WORK TO BE COMPLETED:
Restating the data exactly is the whole task.

==== INFORMATION SUPPLIED ====

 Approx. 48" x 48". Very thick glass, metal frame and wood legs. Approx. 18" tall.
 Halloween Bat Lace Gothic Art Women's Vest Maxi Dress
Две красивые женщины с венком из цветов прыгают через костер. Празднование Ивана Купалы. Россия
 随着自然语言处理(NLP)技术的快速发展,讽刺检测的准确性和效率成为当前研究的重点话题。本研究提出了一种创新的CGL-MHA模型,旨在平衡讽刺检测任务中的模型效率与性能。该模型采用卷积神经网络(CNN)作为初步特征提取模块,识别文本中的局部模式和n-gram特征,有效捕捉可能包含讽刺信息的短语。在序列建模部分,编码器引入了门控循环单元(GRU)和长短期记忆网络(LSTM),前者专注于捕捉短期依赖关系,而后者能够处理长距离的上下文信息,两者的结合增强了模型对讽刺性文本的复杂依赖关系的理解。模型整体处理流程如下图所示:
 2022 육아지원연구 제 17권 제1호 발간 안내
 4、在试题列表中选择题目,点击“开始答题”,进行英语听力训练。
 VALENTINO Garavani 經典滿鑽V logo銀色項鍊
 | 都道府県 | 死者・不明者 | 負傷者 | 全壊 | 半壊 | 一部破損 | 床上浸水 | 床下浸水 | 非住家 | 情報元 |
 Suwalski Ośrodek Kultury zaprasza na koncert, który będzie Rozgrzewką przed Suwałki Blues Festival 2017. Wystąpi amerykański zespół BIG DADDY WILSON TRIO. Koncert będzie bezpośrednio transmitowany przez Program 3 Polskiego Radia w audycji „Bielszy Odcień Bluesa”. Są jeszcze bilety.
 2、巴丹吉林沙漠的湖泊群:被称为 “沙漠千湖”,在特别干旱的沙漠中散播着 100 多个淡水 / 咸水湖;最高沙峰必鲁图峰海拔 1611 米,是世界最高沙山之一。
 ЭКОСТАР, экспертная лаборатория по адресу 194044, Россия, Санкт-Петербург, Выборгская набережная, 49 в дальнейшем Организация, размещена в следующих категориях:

====

TASK ANSWER:
 Approx. 48" x 48". Very thick glass, metal frame and wood legs. Approx. 18" tall.
 Halloween Bat Lace Gothic Art Women's Vest Maxi Dress
Две красивые женщины с венком из цветов прыгают через костер. Празднование Ивана Купалы. Россия
 随着自然语言处理(NLP)技术的快速发展,讽刺检测的准确性和效率成为当前研究的重点话题。本研究提出了一种创新的CGL-MHA模型,旨在平衡讽刺检测任务中的模型效率与性能。该模型采用卷积神经网络(CNN)作为初步特征提取模块,识别文本中的局部模式和n-gram特征,有效捕捉可能包含讽刺信息的短语。在序列建模部分,编码器引入了门控循环单元(GRU)和长短期记忆网络(LSTM),前者专注于捕捉短期依赖关系,而后者能够处理长距离的上下文信息,两者的结合增强了模型对讽刺性文本的复杂依赖关系的理解。模型整体处理流程如下图所示:
 2022 육아지원연구 제 17권 제1호 발간 안내
 4、在试题列表中选择题目,点击“开始答题”,进行英语听力训练。
 VALENTINO Garavani 經典滿鑽V logo銀色項鍊
 | 都道府県 | 死者・不明者 | 負傷者 | 全壊 | 半壊 | 一部破損 | 床上浸水 | 床下浸水 | 非住家 | 情報元 |
 Suwalski Ośrodek Kultury zaprasza na koncert, który będzie Rozgrzewką przed Suwałki Blues Festival 2017. Wystąpi amerykański zespół BIG DADDY WILSON TRIO. Koncert będzie bezpośrednio transmitowany przez Program 3 Polskiego Radia w audycji „Bielszy Odcień Bluesa”. Są jeszcze bilety.
 2、巴丹吉林沙漠的湖泊群:被称为 “沙漠千湖”,在特别干旱的沙漠中散播着 100 多个淡水 / 咸水湖;最高沙峰必鲁图峰海拔 1611 米,是世界最高沙山之一。
 ЭКОСТАР, экспертная лаборатория по адресу 194044, Россия, Санкт-Петербург, Выборгская набережная, 49 в дальнейшем Организация, размещена в следующих категориях:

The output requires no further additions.